TASK DETAILS: Without including any pictures, copy every line below exactly.

DATASET SECTION:

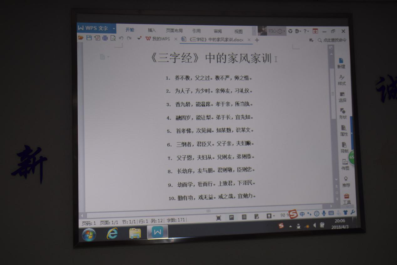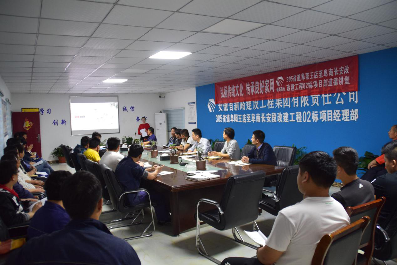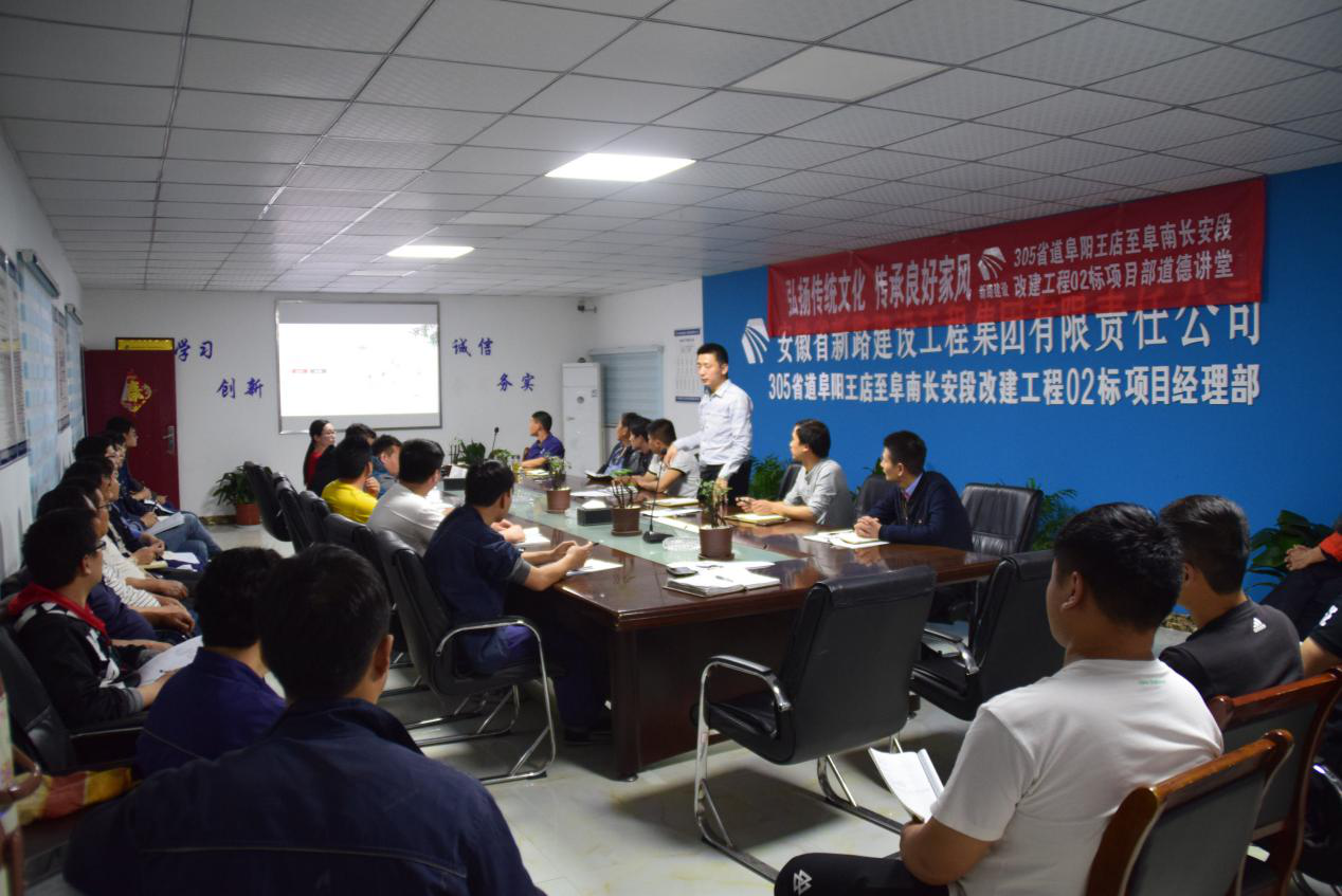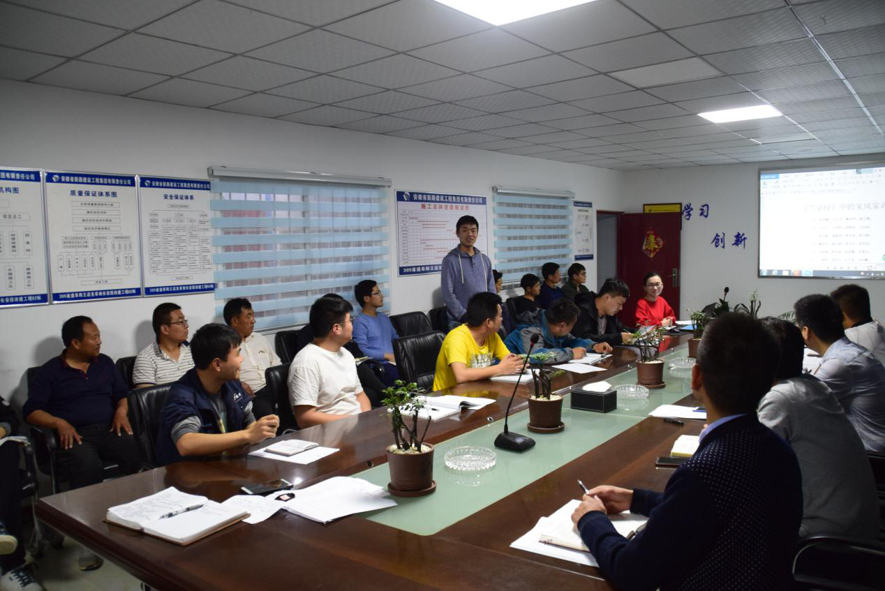 习近平同志曾明确指出:“家庭是社会的基本细胞,是人生的第一所学校。不论时代发生多大变化,不论生活格局发生多大变化,我们都要重视家庭建设,注重家庭、注重家教、注重家风”,并且多次强调了家风建设的重要性。为了深入学习习近平总书记的指示,2018年4月3日晚上19:00,305省道阜阳王店至阜南长安段改建工程02标项目部利用晚饭后空闲时间,组织项目部人员进行了一次“弘扬优良家风——道德讲堂”活动。首先通过PPT讲解的形式,详细的讲述了家风是什么以及如何建立良好的家风。紧接着对中国传统家风家训进行了赏析,深入学习了中国传统优良家风及其传承历程。随后,项目部全体人员集体诵读了《三字经》中有关家风家训的节选,深切的感受了先人关于家风的教诲,既弘扬了中国传统文化,又培养了大家的家风意识。最后,项目部人员积极地发表了对此次活动的感想,相互交流了学习心得。
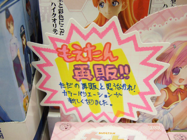コトブキヤラジオ会館のPOPによると「もえたん再販!!ただの再販と思うなかれ!カラーバリエーションが新しくなりました。」とかかれていました。
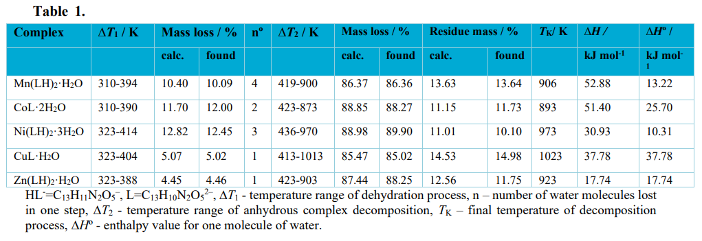 The coordination number values of central ion depend mainly on the kind of cation32,33. In order to determine them it is necessary to estimate the positions of water molecules in analysed compounds. Not having monocrystal structure data of compounds we can only estimate them taking into account their initial dehydration process temperature values. If water molecules are lost in one step below 423 K they may form outer sphere water32. However, if they are coordinated weakly with central atom, they may be released also at low temperature indicating this way their outer sphere character. Then in the presented complexes it is difficult to state if water molecules are in outer or inner coordination positions.

EXERCISE ANSWER:
 习近平同志曾明确指出:“家庭是社会的基本细胞,是人生的第一所学校。不论时代发生多大变化,不论生活格局发生多大变化,我们都要重视家庭建设,注重家庭、注重家教、注重家风”,并且多次强调了家风建设的重要性。为了深入学习习近平总书记的指示,2018年4月3日晚上19:00,305省道阜阳王店至阜南长安段改建工程02标项目部利用晚饭后空闲时间,组织项目部人员进行了一次“弘扬优良家风——道德讲堂”活动。首先通过PPT讲解的形式,详细的讲述了家风是什么以及如何建立良好的家风。紧接着对中国传统家风家训进行了赏析,深入学习了中国传统优良家风及其传承历程。随后,项目部全体人员集体诵读了《三字经》中有关家风家训的节选,深切的感受了先人关于家风的教诲,既弘扬了中国传统文化,又培养了大家的家风意识。最后,项目部人员积极地发表了对此次活动的感想,相互交流了学习心得。
コトブキヤラジオ会館のPOPによると「もえたん再販!!ただの再販と思うなかれ!カラーバリエーションが新しくなりました。」とかかれていました。
 The coordination number values of central ion depend mainly on the kind of cation32,33. In order to determine them it is necessary to estimate the positions of water molecules in analysed compounds. Not having monocrystal structure data of compounds we can only estimate them taking into account their initial dehydration process temperature values. If water molecules are lost in one step below 423 K they may form outer sphere water32. However, if they are coordinated weakly with central atom, they may be released also at low temperature indicating this way their outer sphere character. Then in the presented complexes it is difficult to state if water molecules are in outer or inner coordination positions.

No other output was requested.